By Susan Elise Campbell
Moby Rick’s Seafood recently opened its doors at 251 North Main St. in Mechanicville, the second restaurant in Saratoga County owned and operated by Rick Lofstad.
According to Lofstad, by combining fresh product with good marketing, he and his chefs aim to get local patrons hooked on a variety of seafood dishes.
“Right now you can’t put in a net 20 to 80 miles off the east coast without pulling up all kinds of delicious seafood,” he said. Lofstad wants to introduce people’s palates to a wider taste of the sea.
“Craft beer brewers have a tasting room,” he said. “Why can’t a fisherman?”
His idea is to serve smaller flights of fish, not unlike flights of craft beers, for tasting. These are the “ugly fish with spines and horns to protect them from predators,” he said, whose flavors and textures have yet to be discovered by restaurant-goers.
Lofstad said he is still planning out how the tasting room concept will work. One way is to host a tasting night and have local chefs invent recipes that highlight the seafood. He said he would deliver portions of different species “and see what they and my chefs come up with.”
“Maybe I’ll put the fish right on the bar so diners can see what they look like, or a picture of the sea robins, skate, porgies, sand shark and whatever other seafoods customers are sampling,” he said.
The bar at Moby Rick’s seats 18. It was built by Lofstad out of benches from an old brewery. But it had some deep cracks in it that he filled with blue sand and resin, reminiscent of the fishing waters that have long been part of his personal and professional life.
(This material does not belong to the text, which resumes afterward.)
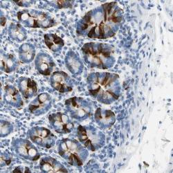 - Immunohistochemical staining of human duodenum shows strong cytoplasmic positivity in glandular cells.

“I am a third generation fisherman,” he said. “My grandfather came over from Norway on a boat and ended up in New York.”
All three of his grandfather’s sons came into the fishing business with him. Another generation later, working with Lofstad and his cousins, the family was producing six million pounds of fish per year.
By age 25 Lofstad was managing a dock in the Hamptons. He said he was the first fisherman to export fluke to Japan. But he lost his business as a result of 9/11.
“Eventually I was invited to Troy, where I sold $3,500 worth of fish the first day at the farmer’s market,” he said. “Later I was lured to Saratoga by a local cheese maker, and I sold $4,000 my first day.”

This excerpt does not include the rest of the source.